» Information provided

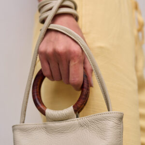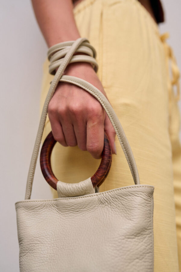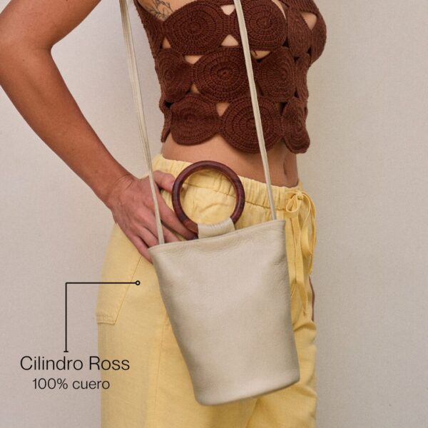 Large-capacity leather cylinder, with cotton lining printed with Shipibo Konibo design and internal zippered pocket. It has a wooden handle for carrying it by hand and an adjustable strap for wearing it over the shoulder or across the body. Style and functionality in one!
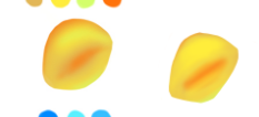 Salut @TheVolk😉 ok ça marche bien pour un début 👍 Au niveau des formes on voit que ça manque de précision, mais c'est tout à fait normal : comme ici par exemple ^^ Notamment au niveau de tes bords, les découpes sont un peu trop nettes, pour ça il ne faut pas hésiter à tourner ton document et utiliser la gomme pour venir sculpter les parties trop pointues avec un brush rond dur ^^ 🙂 Sinon pour tes couleurs, c'est pas mal, tes transitions sont chouettes dans l'ensemble 👍 Après il y a aussi des zones à ajuster : comme ici au centre de ta forme, tu pourrais adoucir la transition sur les côtés par exemple en élargissant un peu la couleur plus orangée, juste avec un brush plus soft ^^ sur la dernière, on retrouve un peu ce même souci, la couleur rouge pourrait être un poil plus étendue vers la gauche de façon progressive Et la zone plus sombre sur la partie bleue, pourrait être un peu moins claire et tu pourrais là aussi revoir la transition vers le haut ^^ Voilà mais sinon c'est bien, continues comme ça ✌️
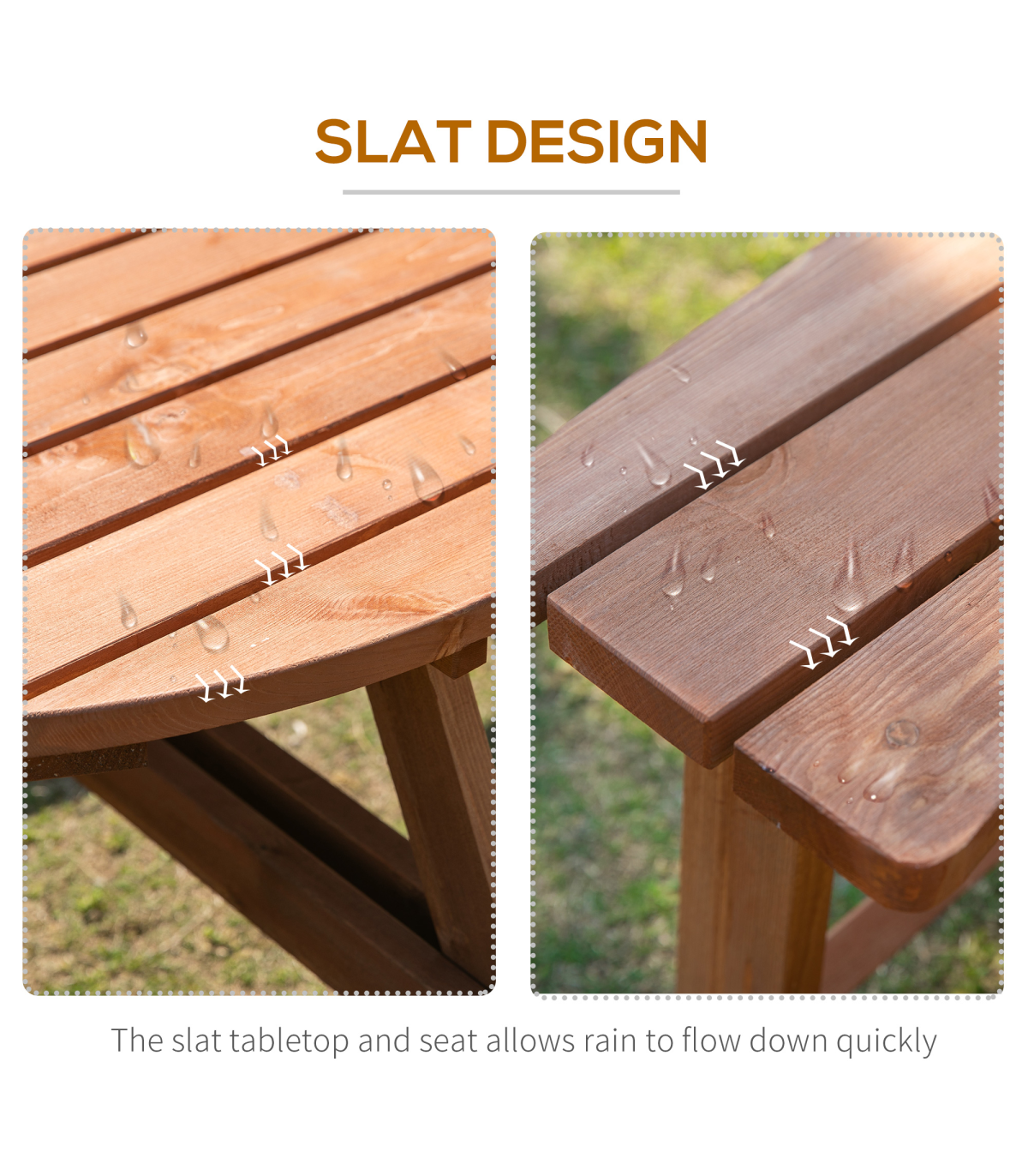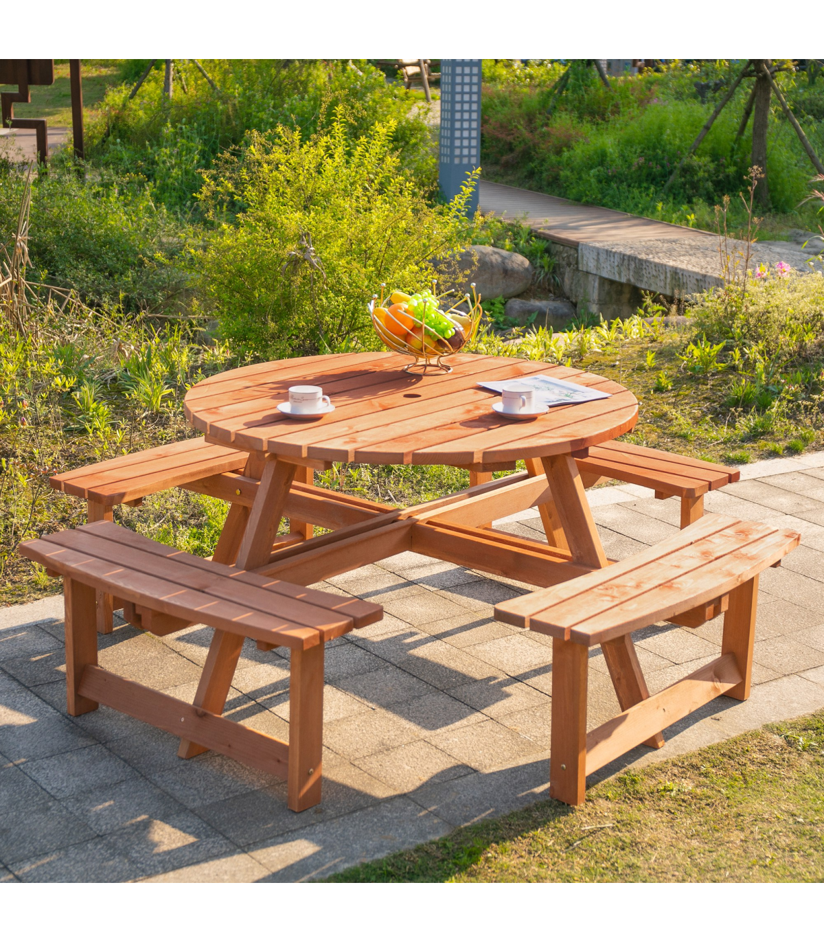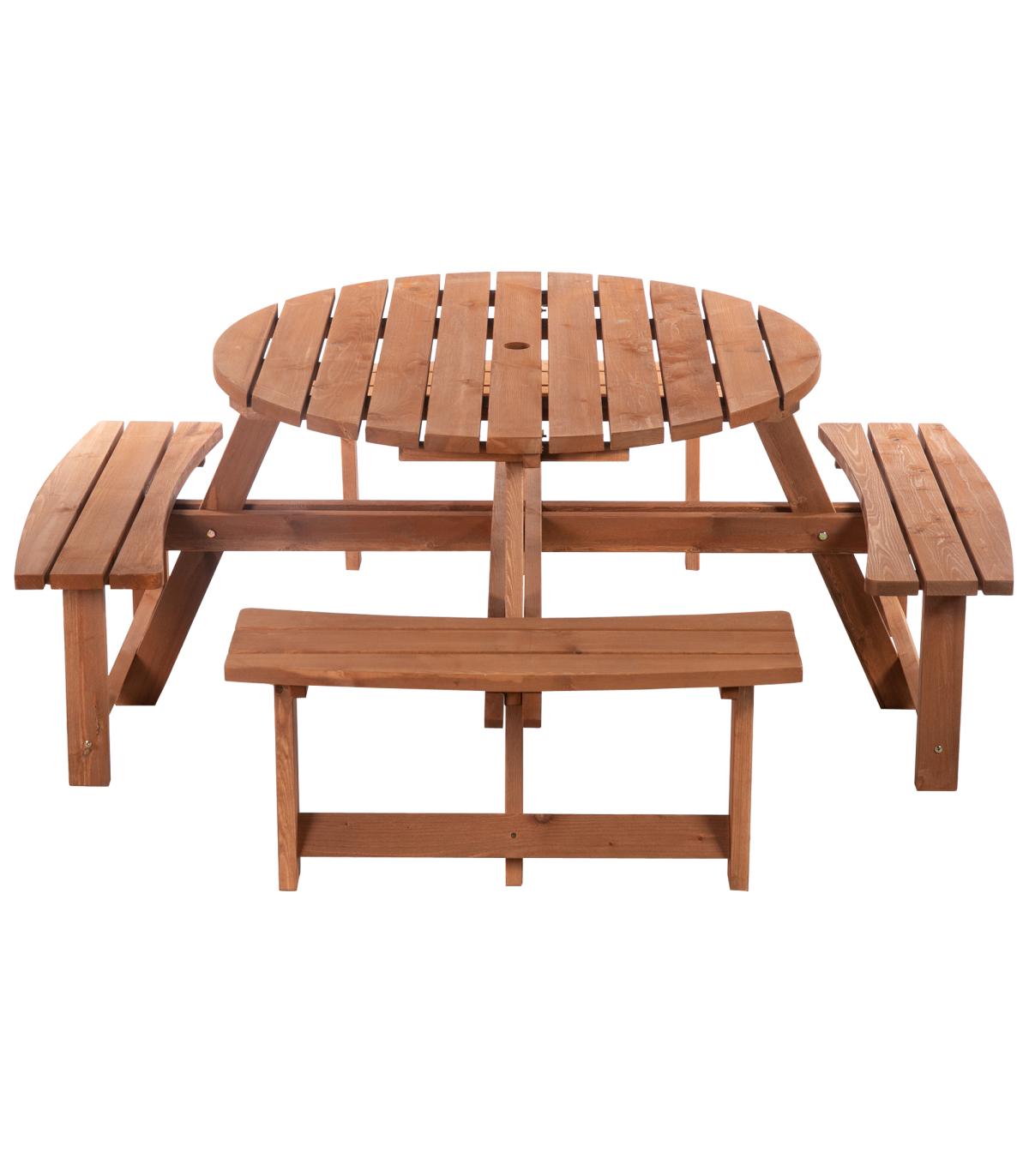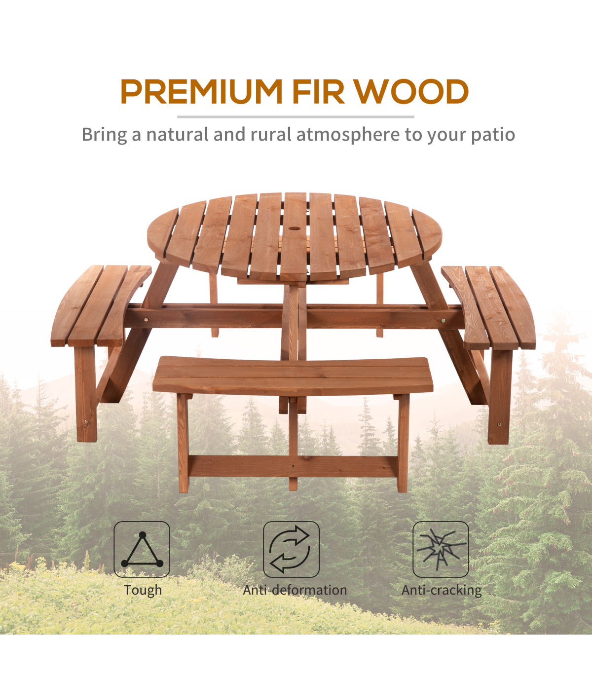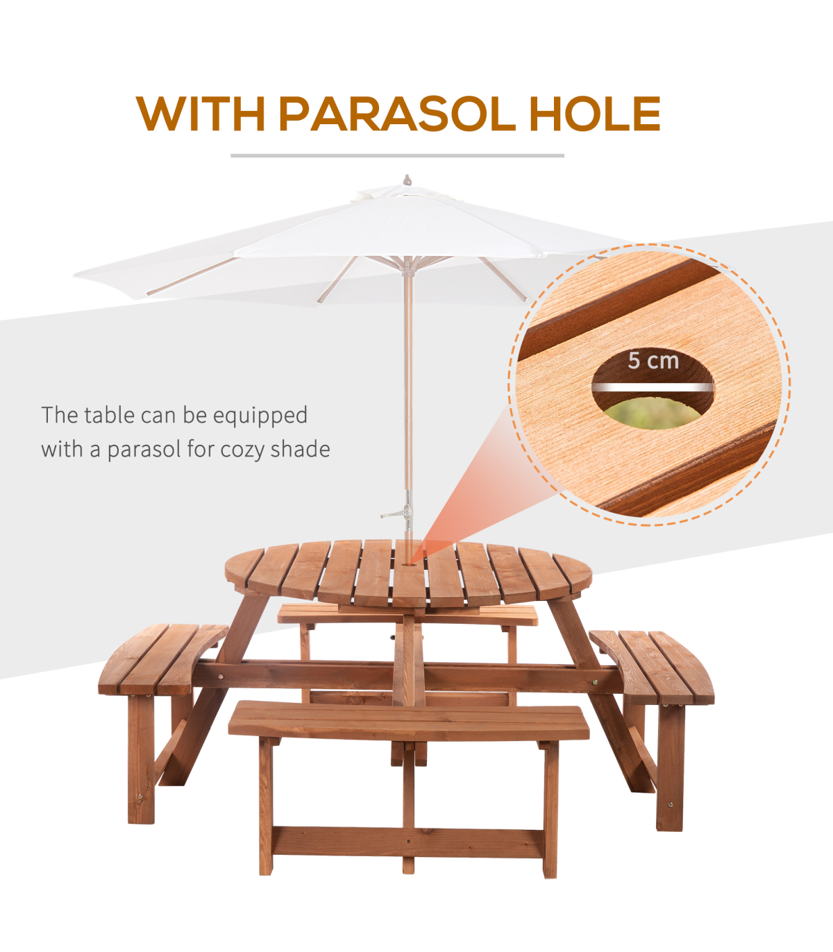 This Outsunny wooden bench set is an ideal addition to any outdoor setting offering the ability to accommodate up to 8 people. Circular design gives ample room for comfortable movement and enjoy the space. A precision cut hole in the middle for parasol enabling the shade options in summer time Fir wood construction for added strength and stability with smooth edges and weight capacity of 227 kg for table and 227 kg for bench.
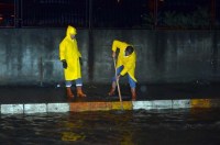göle döndü. Yolun ortasında mahsur araçlar temizlik görevlisinin yardımıyla
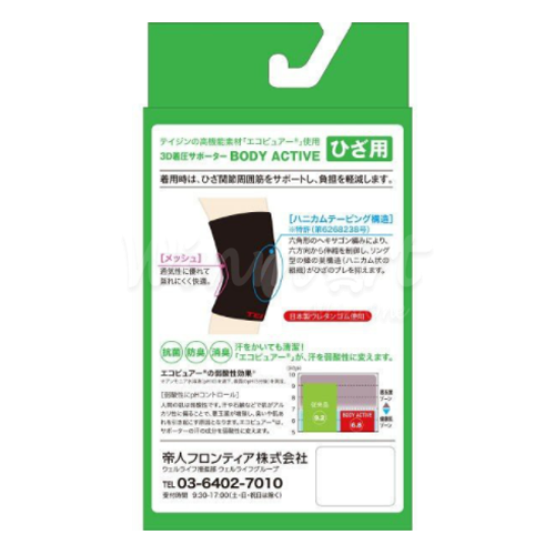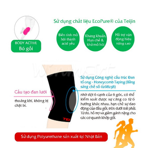 - Sử dụng cho đầu gối, áp dụng công nghệ được cấp bằng sáng chế "cấu trúc honeycomb taping" (đan tổ ong). Sản phẩm được dệt 6 cạnh của 6 góc, có thể kiểm soát được sự căng co từ 6 hướng khác nhau, hạn chế sự dao động của đầu gối, trên dưới trái phải. Cấu tạo đan lưới của đoạn bó phía sau gối tạo cảm giác luôn khô thoáng.
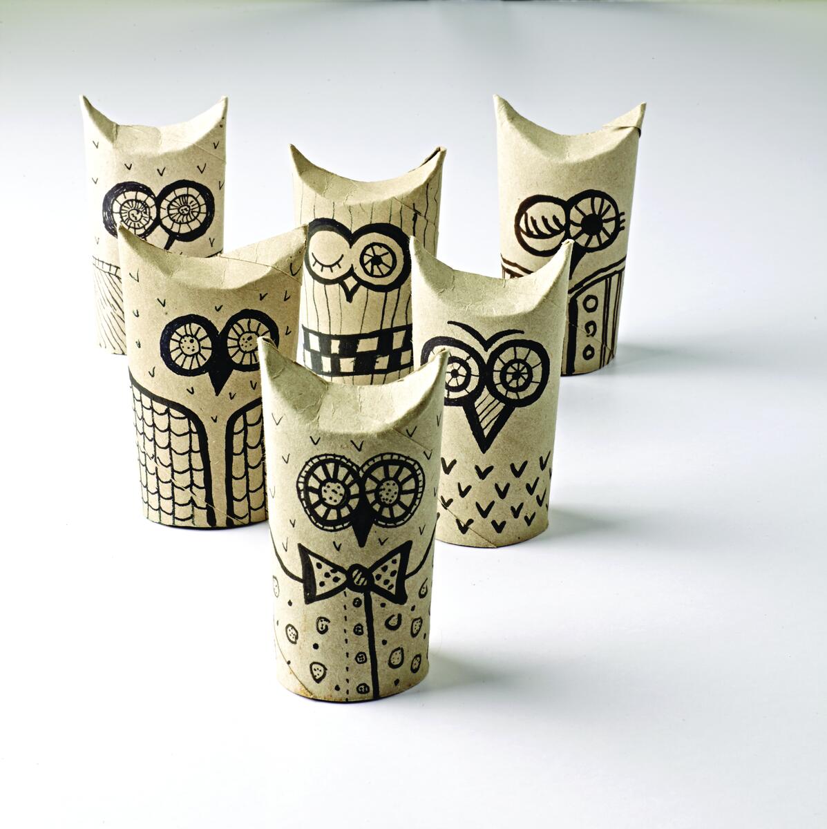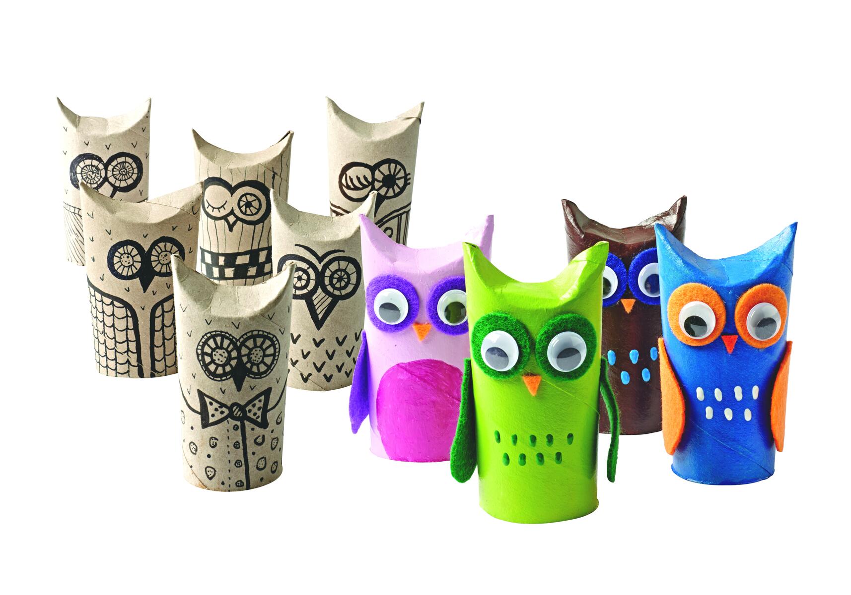 - Leikkaa pieni nokka askartelukartongista ja liimaa se ja silmät kiinni pöllöön.
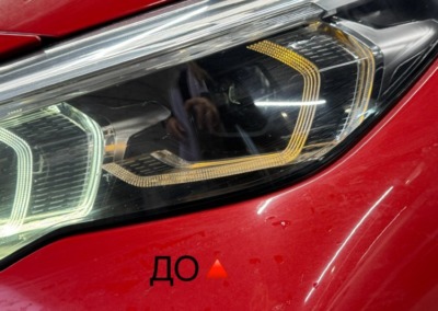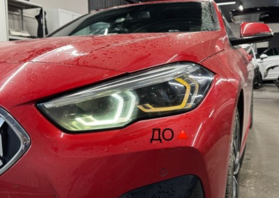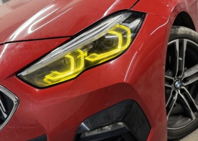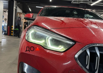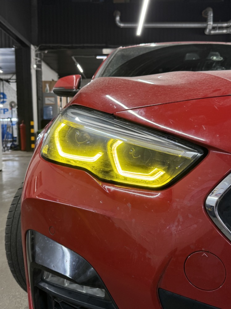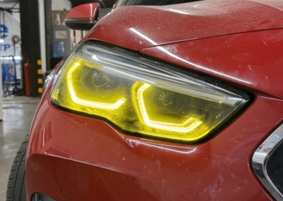 Клиент обратился с проблемой типичной для бмв — подгорание световода ангельских глазок. Мы устранили выгоревшее место, но так как он создавал желтый оттенок в штатном варианте подсветки глазок, доступным решением для клиента стал пересвет маркеров на лимонный в стиле cs версий. Тем самым мы добились одинакового равномерного свечения всех глазок без замены самого световода.
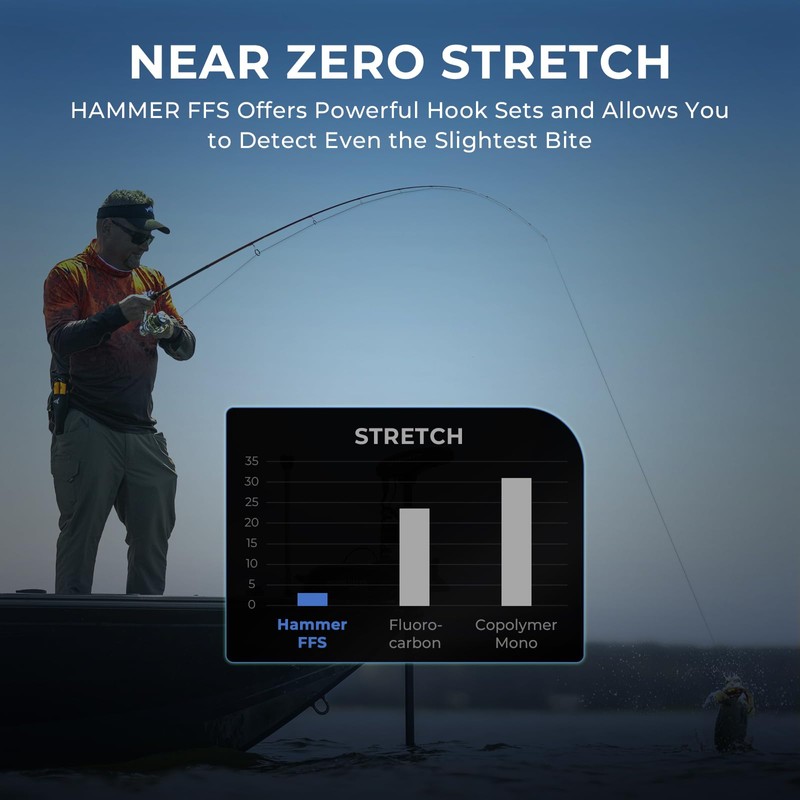 - NEAR ZERO STRETCH: With a stretch factor of less than 4% at its breaking point, Hammer FFS braided fishing line offers powerful hook sets and allows you to feel even the slightest bite

» Work task
What do the lines above say from the line containing "- Sử dụng cho" through the last line? Quote them exactly, both ends included, and leave out the pictures.

» Exercise result
 - Sử dụng cho đầu gối, áp dụng công nghệ được cấp bằng sáng chế "cấu trúc honeycomb taping" (đan tổ ong). Sản phẩm được dệt 6 cạnh của 6 góc, có thể kiểm soát được sự căng co từ 6 hướng khác nhau, hạn chế sự dao động của đầu gối, trên dưới trái phải. Cấu tạo đan lưới của đoạn bó phía sau gối tạo cảm giác luôn khô thoáng.
 - Leikkaa pieni nokka askartelukartongista ja liimaa se ja silmät kiinni pöllöön.
 Клиент обратился с проблемой типичной для бмв — подгорание световода ангельских глазок. Мы устранили выгоревшее место, но так как он создавал желтый оттенок в штатном варианте подсветки глазок, доступным решением для клиента стал пересвет маркеров на лимонный в стиле cs версий. Тем самым мы добились одинакового равномерного свечения всех глазок без замены самого световода.
 - NEAR ZERO STRETCH: With a stretch factor of less than 4% at its breaking point, Hammer FFS braided fishing line offers powerful hook sets and allows you to feel even the slightest bite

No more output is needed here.